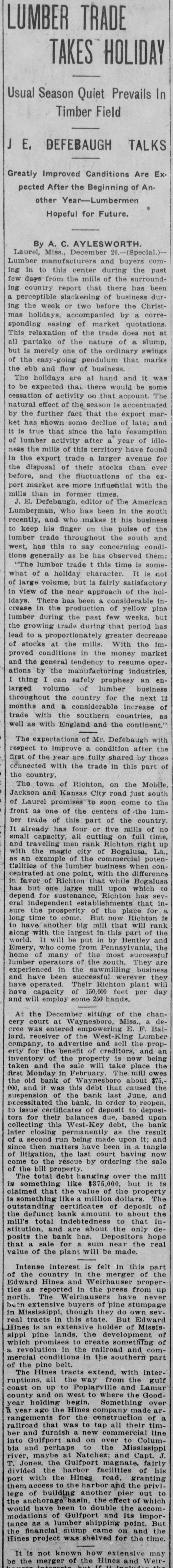 LUMBER TRADE TAKES HOLIDAY In Usual Season Quiet Prevails Timber Field J E. DEFEBAUGH TALKS Greatly Improved Canditions Are Expected After the Beginning of Another Year-Lumbermen Hopeful for Future. By A. C. AYLESWORTH. Laurel, Miss., December 6.-(Special Lumber manufacturers and buyers ing in to this center during the past few days from the mills of the surround ing country report that there has been perceptible slackening of business dur ing a the week or two before the Christmas holidays, accompanied by corresponding easing of market quotations. This relaxation of the trade does not at all partake of the nature of a slump. but is merely one of the ordinary swings the easy -going pendulum that marks the ebb and flow of business. The holidays are at hand and it was to be expected that there would be some cessation of activity on that account The natural effect of the season is accentuated by the further fact that the export market has shown some decline of late; and it is true that since the late resumption of lumber activity after year of idleness the mills of this territory have found in the export trade larger avenue for the disposal of their stocks than ever before, and the fluctuations of the export market are more influential with the mills than in former times E. Defebaugh, editor of the American Lumberman, who has been in the south recently and who makes it his business to keep his finger on the pulse of the lumber trade throughout the south and west, has this to say concerning conditions generally as he has observed them "The lumber trade this time is some what of holiday character It not of large volume, but is fairly satisfactory in view of the near approach of the hol1days. There has been considerable increase in the production of yellow pine lumber during the past few weeks, but the growing trade during that period has lead to proportionately greater decrease of stocks at the mills. With the improved conditions in the money market and the general tendency to resume operations by the manufacturing industries, I thing can safely prophesy an enlarged volume of lumber business throughout the country for the next 12 months and a considerable increase of trade with the southern countries, as well as with England and the continent." The expectations of Mr. Defebaugh with respect to improve a condition after the first of the year are fully shared by those connected with the trade in this part of the country The town of Richton, on the Mobile Jackson and Kansas City road just south of Laurel promises to soon come to the front as one of the centers of the lumber trade of this part of the country It already has four five mills of no small capacity all cutting on full time, and traveling men rank Richton right up with the magic city of Bogalusa, La. as an mple of the commercial potentialities of the lumber business when concentrated at one point with the difference in favor of Richton that while Bogalusa to has but one large mill upon which for has sevsustenance, Richton depend eral independent esta blishments that insure the prosperity of the place long time come. But now Richton is to have another big mill that will rank along with the largest in this part of the world. will be put in by Bentley and Emery who come from Pennsylvania, the home of many of the most lumber operators of the south. They are experienced in the sawmilling business and have been successful werever they have operated. Their Richton plant will day have capacity of 150,000 feet per and will employ some 250 hands. At the December sitting of the chancery court at Waynesboro, Miss. decree was entered empowering F Ballard, receiver of the West- King Lumber company, advertise and sell the property for the benefit of creditors, and an inventory of the property now being taken and the sale will take place the first Monday in February The mill owes the old bank of Waynesboro about $75.000. and it was this debt that caused the suspension of the bank last June, and necessitated the bank, in order to reopen, to issue certificates of deposit depositors for their balances due, based upon collecting this West-Key debt, the bank later closing permanently as the result of second run being made upon it; and since then matters have been tangle of litigation, the last court having now come to the rescue by ordering the sale of the bill property The total debt hanging over the mill is is something like $375,000. but it claimed that the value of the property is something like million dollars. The outstanding cert ificates of deposit of the defunct bank amount to about the mill's total indeb tedness to that institution, and are about the only deposits the bank has. Depositors hope that sale for sum near the real value of the plant will be made. Intense interest is felt in this part of the country in the merger of the Edward Hines and Weirhauser properties as reported in the press from up north. The Weirhausers have never been extensive buyers of pine stumpage in Mississippi, though they own sev. real tracts in this state But Edward Hines an extensive holder of Mississippi pine lands, the development which promises to create something of revolution in the railr oad and commercial conditions in the southern part of the pine belt. The Hines tracts extend, with interruptions, all the way from the gulf coast on up to Poplarville and Lamar county and on west to where the Goodyear holding begin Something over a year ago the Hines company made ar rangements for the construction of a railroad that was to tap all their timber and furnish new commercial line into Gulfport and on over to Columbia and perhaps to the Mississippi river, maybe at Natchez; and Capt. T. Jones, the Gulfport magnate, fairly divided the harbor facilities of his port with the Hines road, granting them access the harbor and the privi lege of building another pier out to the anchorage basin, the effect of which would have been to double the accommodations of Gulfport and its
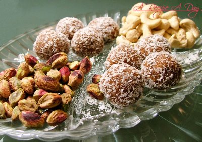 Make balls and roll them in coconut. Serve chilled.
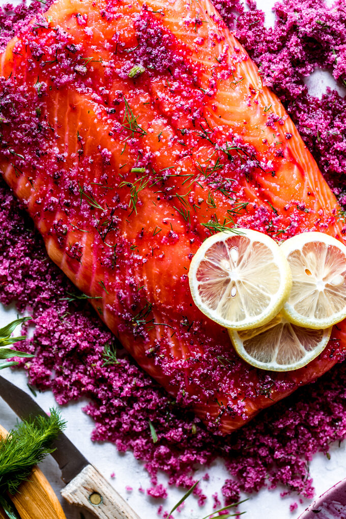 - Layer beet-salt mixture on salmon, wrap tightly in plastic and parchment, then weigh down with baking sheets and weights.
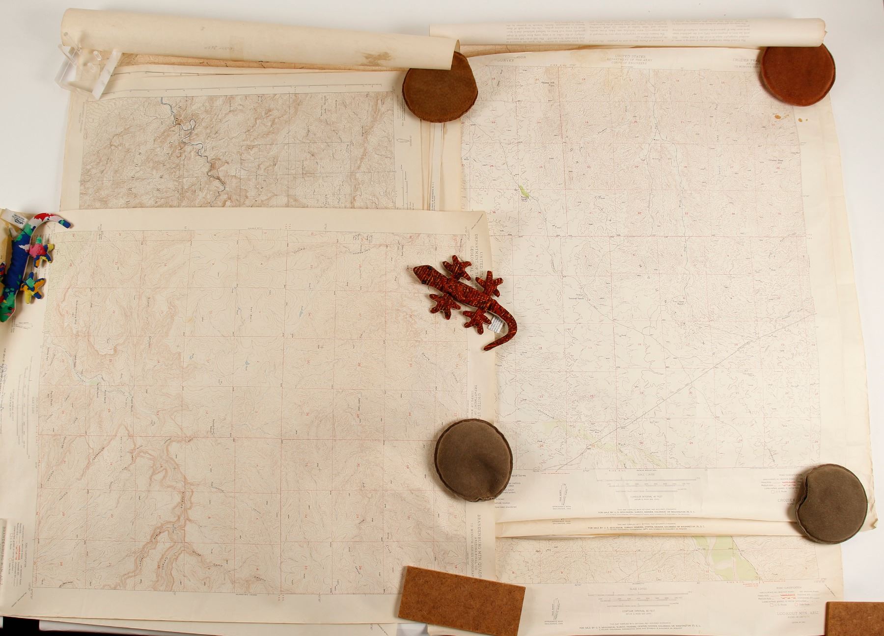 1) 5 maps showing topography & aerial photo's (1947) from the U.S. Dept. of the Army Corp of Engineers. (Lookout Mtn, Saddle Mtn.) approx. 28" x 22"; 2) Geologic Atlas of the U.S. Folio, Arizona by F.L. Ransome 1923, (some tearing 7 chipping at edges due to age, please inspect); 3) approx 10 Topographical Maps of the U.S., Arizona, includes Pinal/Gila & many more.
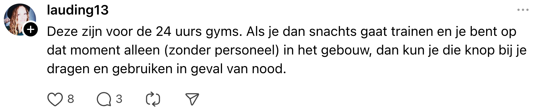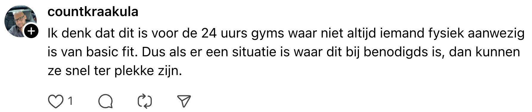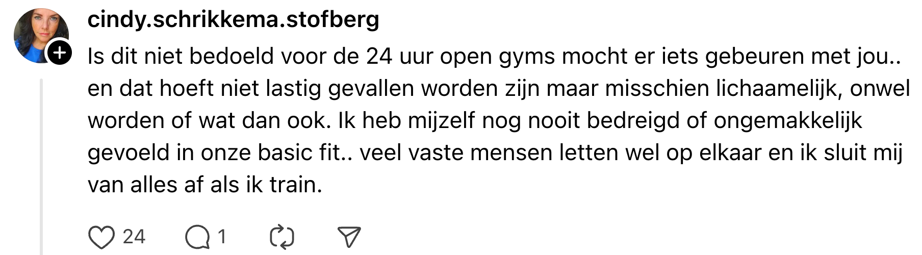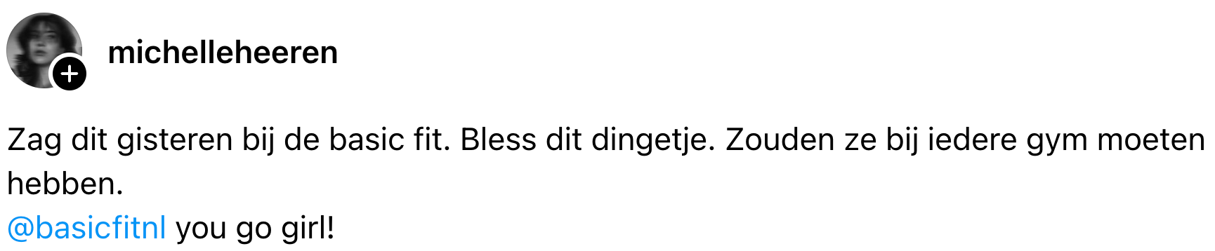 1. Michelle deelt haar waardering voor deze maatregel van Basic-Fit op Threads.
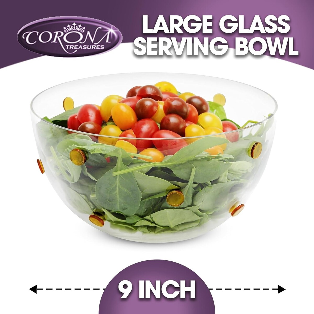 GAC Elegant Large Glass Serving Bowl with Designed 9 Inch
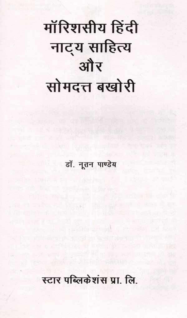 मॉरिशसीय हिंदी नाट्य साहित्य और सोमदत्त बखोरी: Mauritiusiya Hindi Natya Sahitya Aur Somdutt Bakhori
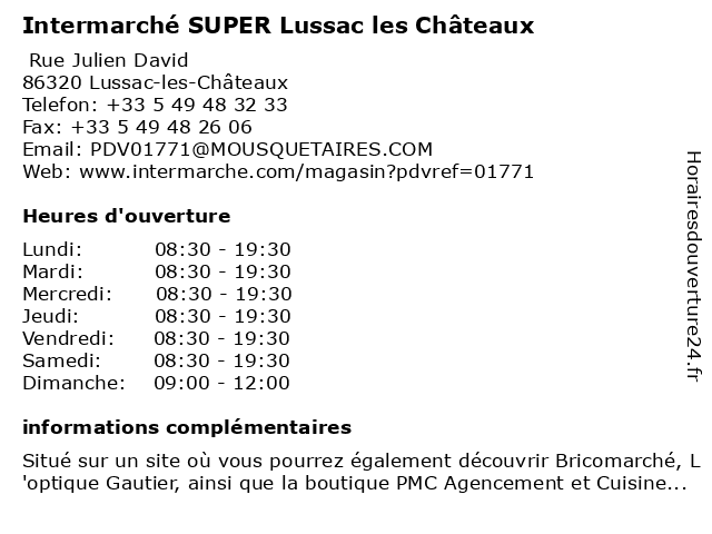 Termes de recherche pour Intermarché SUPER Lussac les Châteaux:les, intermarché, chateaux, lussac, super |
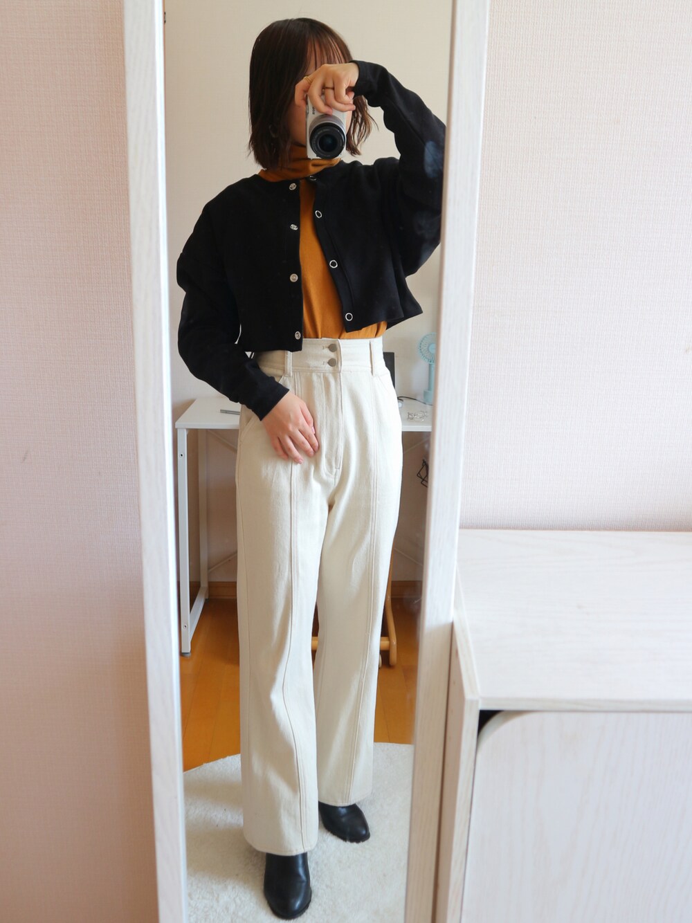以前の投稿で中に緑のニットきてたけど、オレンジも秋らしさを感じれてめちゃくちゃ可愛いしGood👍❤️ 落ち着いた印象になるから大人っぽくみえる!!
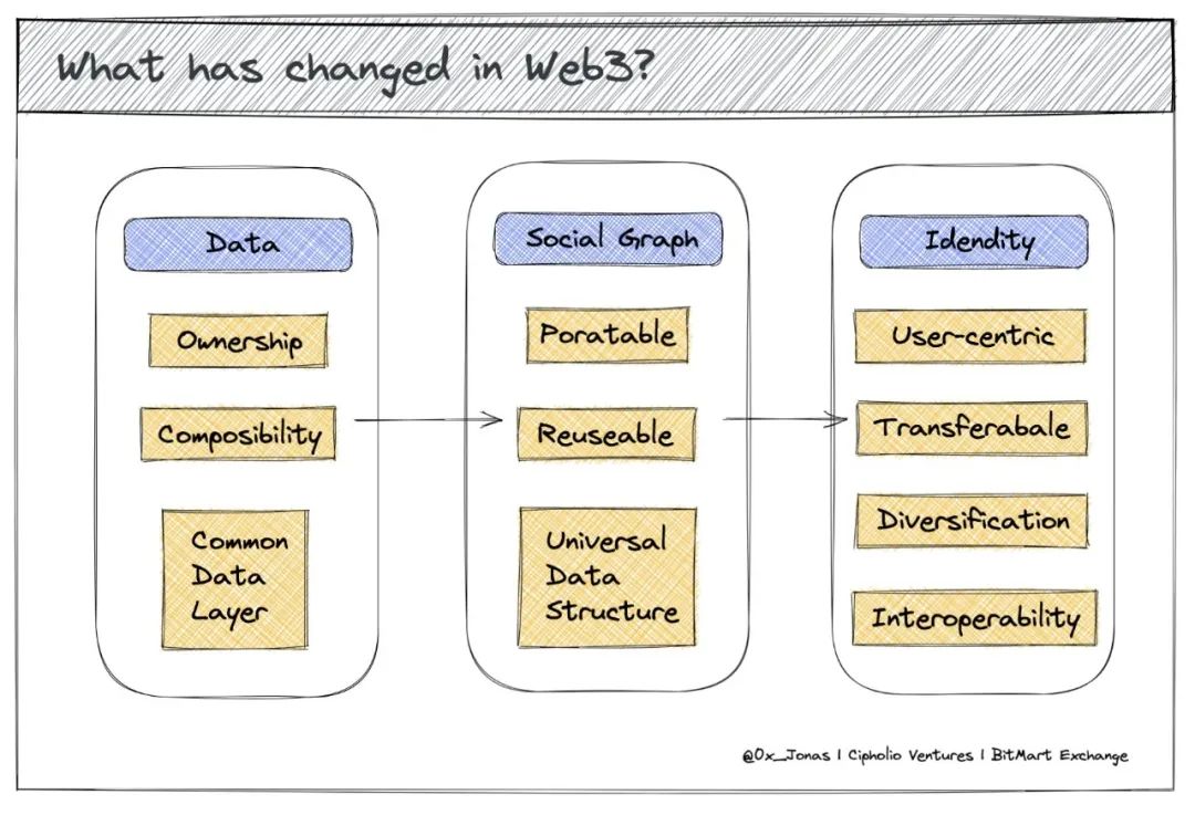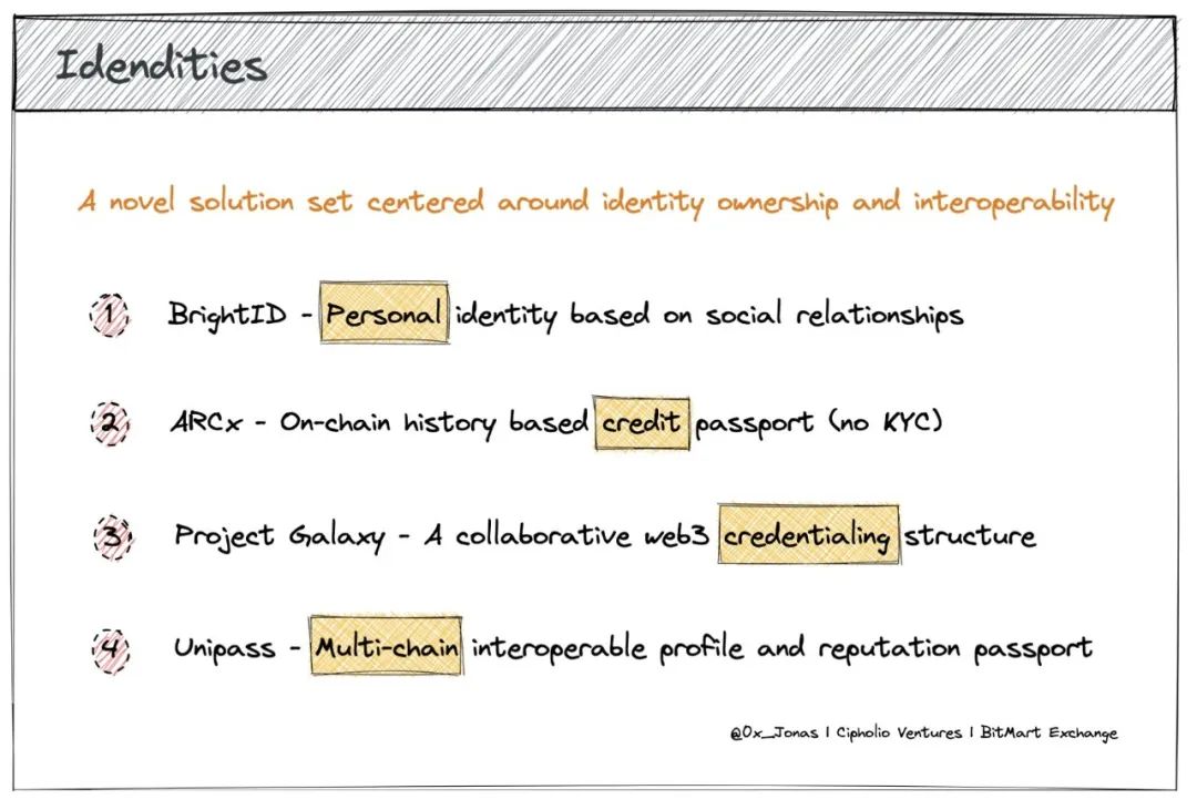 11/14. 随着数据获取基础设施的完善以及社交图谱网络的成熟,随之发展的中间件就是如今百花齐放的 DID。与社交图谱一样身份也不是一个 Web3 原生的概念。Web3 的附加值在于提供了以身份所有权和互操作性为中心的一系列新型解决方案。由于针对身份和主权的定义上有多种维度,仅罗列代表性协议做参考。
----
* _Task_
Find the line containing "以前の投稿で中に緑のニットき" in the listing above. Please restate word for word that line through the last one, leaving out the pictures.

* _Written solution_
以前の投稿で中に緑のニットきてたけど、オレンジも秋らしさを感じれてめちゃくちゃ可愛いしGood👍❤️ 落ち着いた印象になるから大人っぽくみえる!!
 11/14. 随着数据获取基础设施的完善以及社交图谱网络的成熟,随之发展的中间件就是如今百花齐放的 DID。与社交图谱一样身份也不是一个 Web3 原生的概念。Web3 的附加值在于提供了以身份所有权和互操作性为中心的一系列新型解决方案。由于针对身份和主权的定义上有多种维度,仅罗列代表性协议做参考。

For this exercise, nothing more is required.